TASK DIRECTIONS:
Return exactly the lines of the records below, starting at the line that contains "quiet again. |" and ending at the line that contains "Comprar Cable USB", with both of those lines kept.

DATA TO USE:

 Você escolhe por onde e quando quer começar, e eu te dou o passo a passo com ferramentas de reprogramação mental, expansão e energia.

---

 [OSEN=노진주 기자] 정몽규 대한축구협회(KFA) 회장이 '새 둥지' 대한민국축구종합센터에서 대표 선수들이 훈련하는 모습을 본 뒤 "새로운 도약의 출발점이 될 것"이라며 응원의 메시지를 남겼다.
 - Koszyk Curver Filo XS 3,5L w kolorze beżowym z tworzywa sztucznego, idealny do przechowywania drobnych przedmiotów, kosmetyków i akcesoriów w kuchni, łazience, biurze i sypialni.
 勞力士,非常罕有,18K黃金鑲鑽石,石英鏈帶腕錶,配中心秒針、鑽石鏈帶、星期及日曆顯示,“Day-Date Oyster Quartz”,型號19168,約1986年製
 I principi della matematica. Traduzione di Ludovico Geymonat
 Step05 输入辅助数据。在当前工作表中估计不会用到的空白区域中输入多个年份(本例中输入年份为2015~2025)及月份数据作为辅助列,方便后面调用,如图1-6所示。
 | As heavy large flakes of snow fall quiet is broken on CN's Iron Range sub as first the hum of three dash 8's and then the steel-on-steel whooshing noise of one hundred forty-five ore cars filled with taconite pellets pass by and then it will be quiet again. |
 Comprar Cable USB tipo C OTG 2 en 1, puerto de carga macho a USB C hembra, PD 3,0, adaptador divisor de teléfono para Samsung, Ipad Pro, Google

==

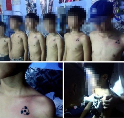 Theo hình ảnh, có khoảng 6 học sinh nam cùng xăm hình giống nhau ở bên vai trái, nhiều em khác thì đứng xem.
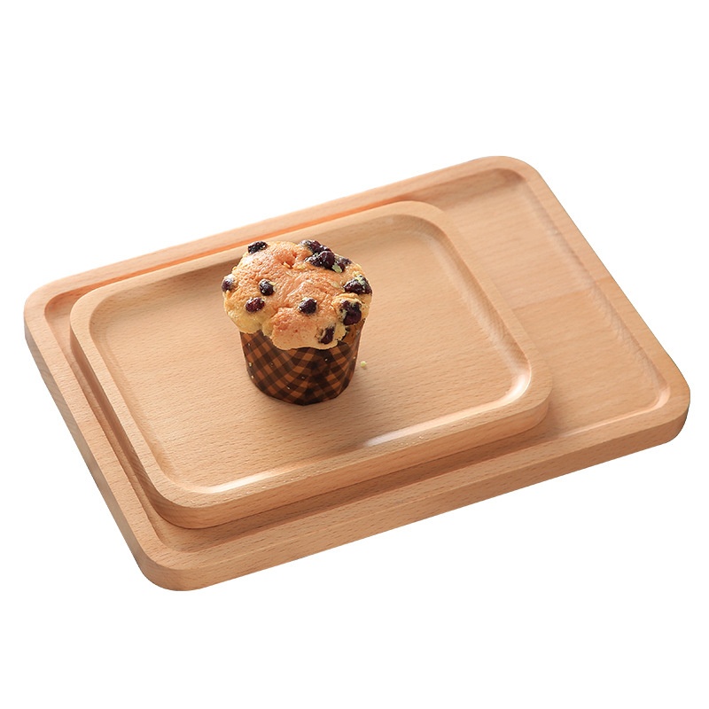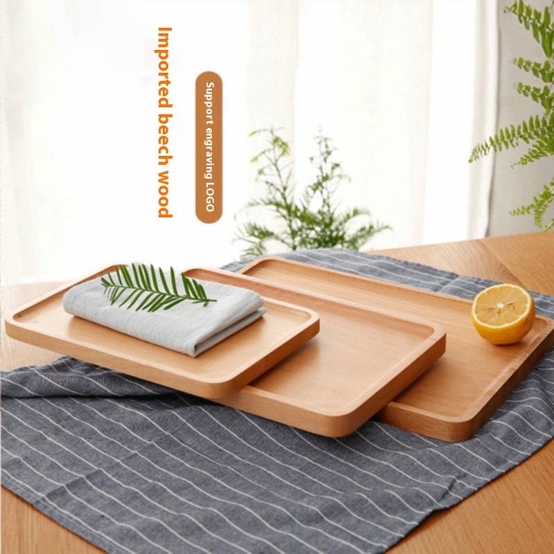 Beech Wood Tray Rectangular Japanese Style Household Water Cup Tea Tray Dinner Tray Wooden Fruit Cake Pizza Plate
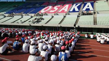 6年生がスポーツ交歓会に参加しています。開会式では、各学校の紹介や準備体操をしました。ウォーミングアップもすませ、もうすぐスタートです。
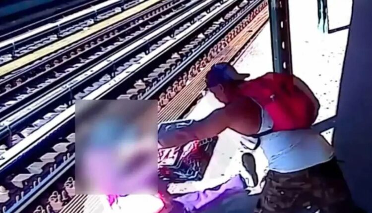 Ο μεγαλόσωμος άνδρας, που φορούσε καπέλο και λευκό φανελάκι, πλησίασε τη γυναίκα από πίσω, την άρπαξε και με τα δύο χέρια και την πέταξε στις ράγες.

RESPONSE BOX:
 | As heavy large flakes of snow fall quiet is broken on CN's Iron Range sub as first the hum of three dash 8's and then the steel-on-steel whooshing noise of one hundred forty-five ore cars filled with taconite pellets pass by and then it will be quiet again. |
 Comprar Cable USB tipo C OTG 2 en 1, puerto de carga macho a USB C hembra, PD 3,0, adaptador divisor de teléfono para Samsung, Ipad Pro, Google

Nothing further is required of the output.